BEGIN Task input
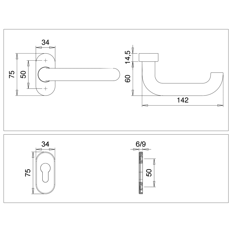 EDI, Profiltür-Drücker-Halbgarnitur, Lochung: Profilzylinder gelocht, Vierkant: 8 mm, DIN-Richtung: DIN Links-Rechts, Modell: Ares, Modellnummer: 1103/0813, Material: Edelstahl, Farbton: edelstahl, Ob
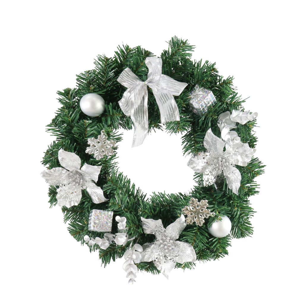 Christmas Tinsel Wreath Dark Green & White Tip with Bow & Red Cheery with Bauble 16cm 1pc
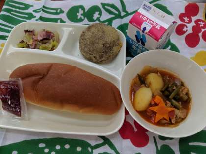 7月8日(月)のこんだては「チキンレバーカツ、ケチャップ煮、たことキャベツのソテー、コッペパン、いちごジャム、牛乳」です。
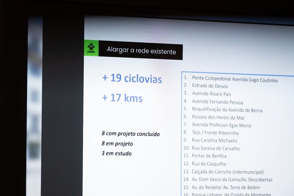 O alargamento de rede, explicou, passa por mais 19 ciclovias e mais 17 km, oito das quais com projeto concluído, oito em projeto e três em estudo: Ponte ciclo pedonal Avenida Gago Coutinho | Estrada do Desvio | Avenida Álvaro Pais | Avenida Fernando Pessoa | requalificação da Avenida de Berna | Passeio dos Heróis do Mar | Avenida Professor Egas Moniz | Tejo/Frente Ribeirinha | Rua Carolina Michaelis | Rua Saraiva de Carvalho | Portas de Benfica | Rua da Casquilha | Calçada de Carriche (intermunicipal) | Avenida Dom Vasco da Gama/Avenida Descobertas | Avenida do Restelo/Avenida Torre de Belém | Parque Urbano da Quinta da Montanha | requalificação da Praça Marechal Humberto Delgado | Restauradores/Rua da Prata | requalificação da Parada do Alto de São João.
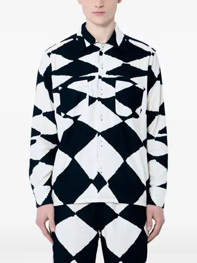 black and off-white diamond pattern spread collar long sleeves button fastening chest patch pockets button-fastening cuffs
END Task input
Exercise prompt: Reproduce all the entries that precede this task, word for word, minus any pictures.

Solution:
 EDI, Profiltür-Drücker-Halbgarnitur, Lochung: Profilzylinder gelocht, Vierkant: 8 mm, DIN-Richtung: DIN Links-Rechts, Modell: Ares, Modellnummer: 1103/0813, Material: Edelstahl, Farbton: edelstahl, Ob
 Christmas Tinsel Wreath Dark Green & White Tip with Bow & Red Cheery with Bauble 16cm 1pc
 7月8日(月)のこんだては「チキンレバーカツ、ケチャップ煮、たことキャベツのソテー、コッペパン、いちごジャム、牛乳」です。
 O alargamento de rede, explicou, passa por mais 19 ciclovias e mais 17 km, oito das quais com projeto concluído, oito em projeto e três em estudo: Ponte ciclo pedonal Avenida Gago Coutinho | Estrada do Desvio | Avenida Álvaro Pais | Avenida Fernando Pessoa | requalificação da Avenida de Berna | Passeio dos Heróis do Mar | Avenida Professor Egas Moniz | Tejo/Frente Ribeirinha | Rua Carolina Michaelis | Rua Saraiva de Carvalho | Portas de Benfica | Rua da Casquilha | Calçada de Carriche (intermunicipal) | Avenida Dom Vasco da Gama/Avenida Descobertas | Avenida do Restelo/Avenida Torre de Belém | Parque Urbano da Quinta da Montanha | requalificação da Praça Marechal Humberto Delgado | Restauradores/Rua da Prata | requalificação da Parada do Alto de São João.
 black and off-white diamond pattern spread collar long sleeves button fastening chest patch pockets button-fastening cuffs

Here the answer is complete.